By Jocelyn Noveck, AP National Writer
Blow your nose, and you'll miss the split-second shot of a younger Donald Trump in "Vice," Adam McKay's exhaustingly entertaining (and entertainingly exhausting) Dick Cheney movie.
But make no mistake: the filmmaker wants us to be thinking about Trump. What he's telling us — implicitly, then more obviously — is that if you're upset today about what you might see as, say, a brazen executive-branch power grab, well, that already happened — and pretty recently. It's just that we didn't really notice because, McKay argues, Dick Cheney did it so darned quietly.
Let's pause a moment to note the obvious: "Vice," which features a terrifically committed performance by Christian Bale, is not a neutral biopic in any sense. It's more of a political lecture on steroids, using every clever filmmaking device up the talented McKay's sleeve, much like "The Big Short," his journey through the 2008 financial collapse.
These devices include broken fourth walls, surreal vignettes, fun celebrity cameos, a mysterious narrator, and — best of all — Dick and Lynne Cheney in the bedroom, plotting his next political move, suddenly launching into iambic pentameter for several minutes. Macbeth much?
The parallels with the Scottish play are obvious: McKay presents Lynne (Amy Adams, memorable as always) as the ideological force behind the man, her husband's private coach in every step he takes on the way to becoming a virtual co-president and perhaps the most powerful man on the planet.
But while Macbeth becomes wracked with guilt and paranoia, "Vice" chronicles a man with no guilt or doubt whatsoever, and that matter-of-fact certainty of purpose was indeed one of the reasons he was able to climb so fast, McKay argues: He simply saw opportunities and took them.
The weakness here, though, is that we never get a sense of what truly drives Cheney the man. The shiny bells and whistles that McKay employs — because, well, he's good at it — detract from our ability to get to know his subject. Is McKay's Cheney merely an opportunist, or is he fueled by a deeper purpose, and how? It's not totally clear.
Although Cheney fans will likely not find much to appreciate here, that doesn't mean you need be a committed liberal to enjoy "Vice." You can simply be an admirer of committed acting, the sort that Bale specializes in.
Yes, the actor famously gained a lot of weight, and mastered that way Cheney speaks from the side of his mouth. (There's also amazing makeup work here.) Alone, these would be gimmicks, but Bale also disappears so deeply into his balding, portly, pasty character that for long minutes you forget it's him.

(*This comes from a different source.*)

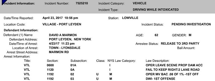 | Port Leyden Man Charged With Driving While Intoxicated 04/24/17 09:45am |

As for Adams, her Lynne is bright, witty and gritty, a woman one imagines might have become a top politician herself had she been born a few decades later. Sam Rockwell has less screen time, but delivers a hilarious impression of George W. Bush, all folksy and jokesy. "Wanna jump on board?" he asks Cheney about the VP job. "Let's go, c'mon now!" Is it fair to portray Bush as such a man-child, motivated by pleasing his father, and so uninvolved in decisions? Perhaps not, but Rockwell is sure entertaining.
We first meet Cheney in 1963, staggering blind drunk from a car during a traffic stop. Fast forward to 9/11, and he's the guy taking charge of the nation's response, with Bush nowhere in sight. How did we get from A to B, McKay is asking?
Well, partly because of Lynne. Early on she confronts Dick, who's bombed out of Yale. "Can you change, or am I wasting my goddamned time?" she asks.
Dick does change. At a congressional internship program in 1968, he takes a shine to future ally Donald Rumsfeld (a wisecracking Steve Carell.) Cheney is so green he doesn't even know what party to join; he simply asks what party Rumsfeld's in.
Yet he rises up the ranks, through the Nixon and Ford administrations, eventually becoming chief of staff. He serves six terms in Congress, becomes secretary of defense under Bush senior, then enters the corporate world as CEO of Halliburton.
And then we're done, right? In McKay's cleverest moment — we won't spoil the surprise — he shows us that this is how it could have ended, comfortably for all. But then the phone rings. It's Bush junior.
"Vice" is frenetic and fun, flippant and frustrating (to stick with one letter of the alphabet). Is it, um, factual? Well, McKay has based his research on some important books by journalists like Ron Suskind, Barton Gellman and Jane Mayer. But he also surely injects plenty of his own analysis, and unless you're an expert, you may not know where the hypothesizing begins.
The best advice? Come for the politics, but stay for the performances. They'll make it worth your while.
"Vice," an Annapurna Pictures release, is rated R by the Motion Picture Association of America "for language and some violent images." Running time: 132 minutes. Two and a half stars out of four.